9/30/2003 headlines from heaven - alias glimmers of random intelligence -
Iraq, and lessons still not learned, ...letter to editor by Beth Goldberg of Oakland CA, NYT, A28.
Thomas Friedman (column, Sept. 28) has accused United Nations members of being free riders.
But if anyone is looking for a free ride, it's the United States, which wants to be bailed out of its mess and refuses to give up any power or control in exchange....
9/26/2003 headlines from heaven - alias glimmers of random hope - 3 UPsizings totaling 2800 new jobs + unspecified -
DaimlerChrysler AG - Mercedes to double capacity at SUV plant in Alabama, WSJ, B5.
...Tuscaloosa, Ala., [which] will employ 4,000 people...once the expansion is completed.
[So simple-mindedly assuming half that number are employed there now, we estimate 2,000 new jobs.]

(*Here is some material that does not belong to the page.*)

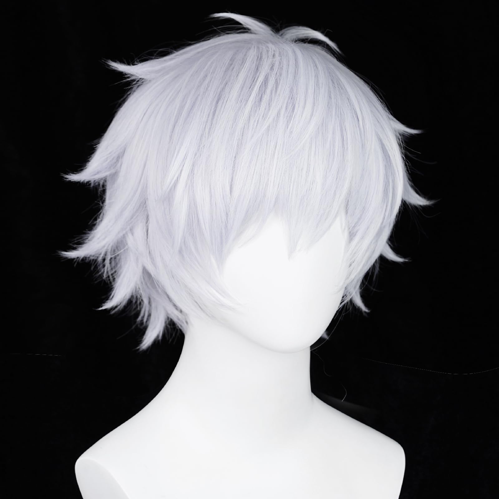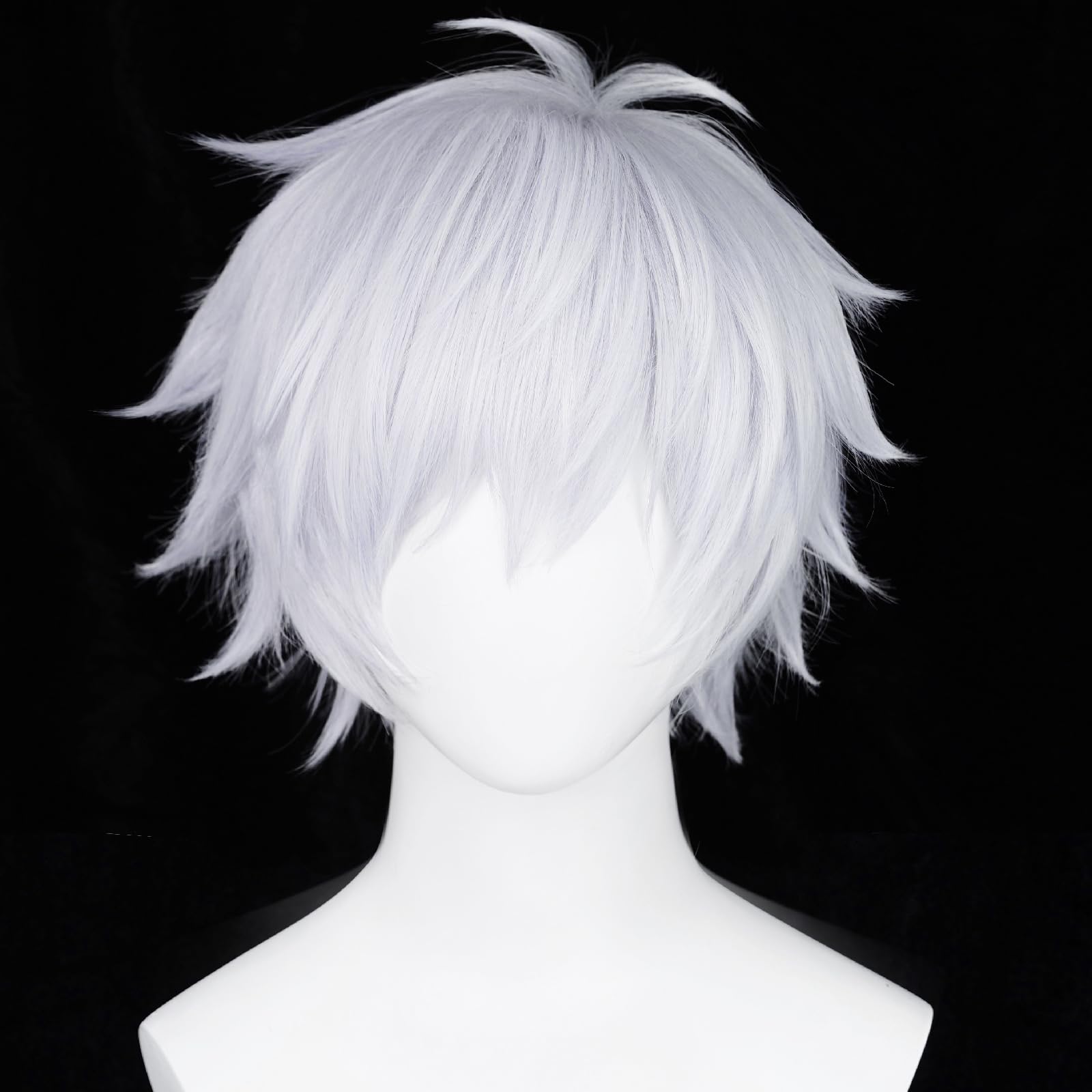 Wiggy Mermaid Silver Violet Wig for Satoru Gojo Cosplay, Mens Short Fluffy Spiky Hair Wig for Anime Cosplay Halloween Costume
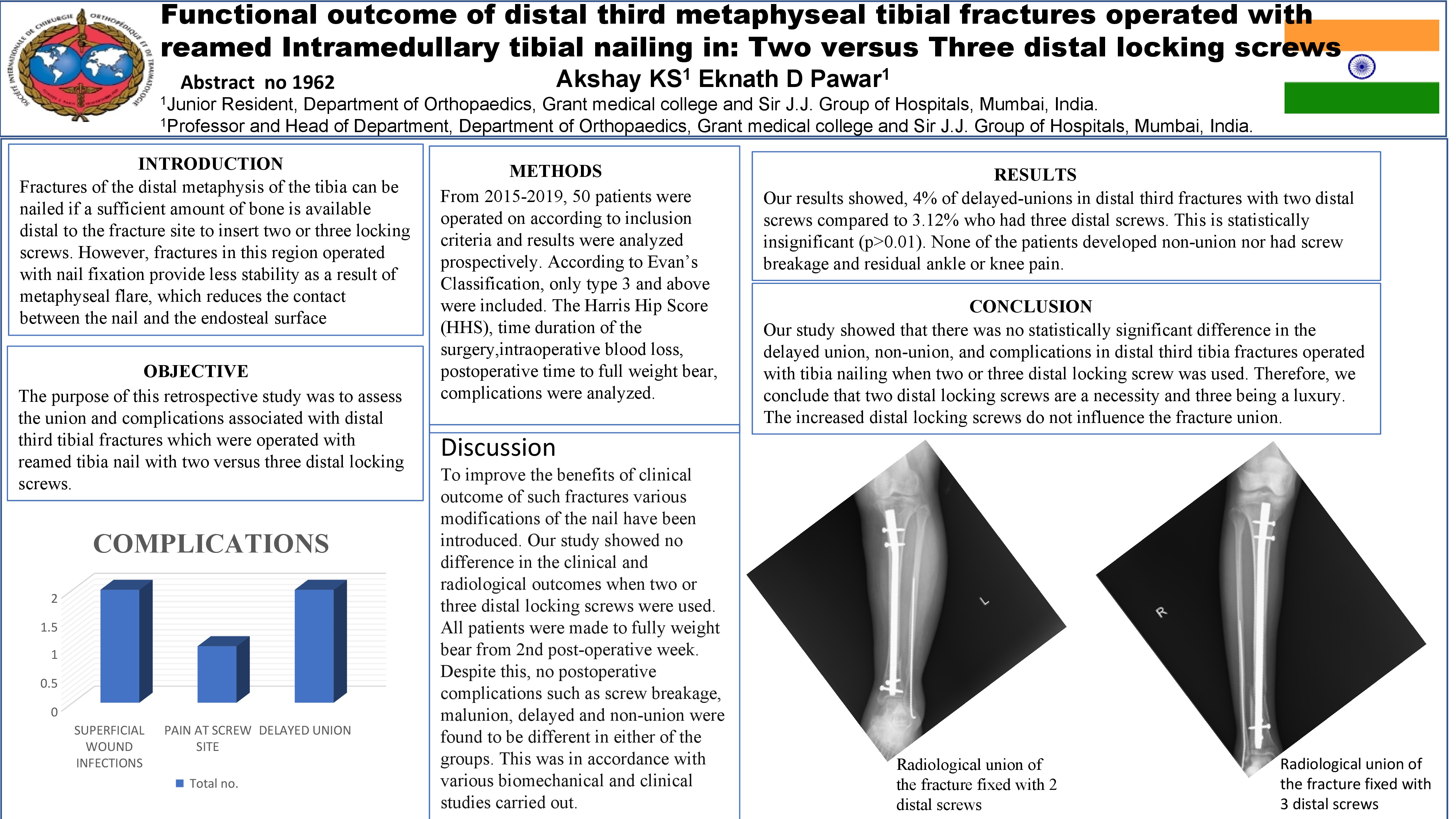Functional outcome of distal third metaphyseal tibial fractures operated with reamed Intramedullary tibial nailing in: Two versus Three distal locking screws

Russia: Avon to build plant, Bloomberg via NYT, W1.
...near Moscow...in Narofominsk, [which] will employ more than 800 people....
Starbucks Corp., WSJ, B5.
...plans to open its first retail location in France early next year....
[Unspecified new jobs.]
9/25/2003 headlines from heaven - alias glimmers of random hope -
Bush's approval rating is at the lowest point of his pResidency, news summary, WSJ, front page.
A Wall Street Journal/NBC Poll said 49% approve of his overall performance, but the figure dropped to 43% on his handling of the economy....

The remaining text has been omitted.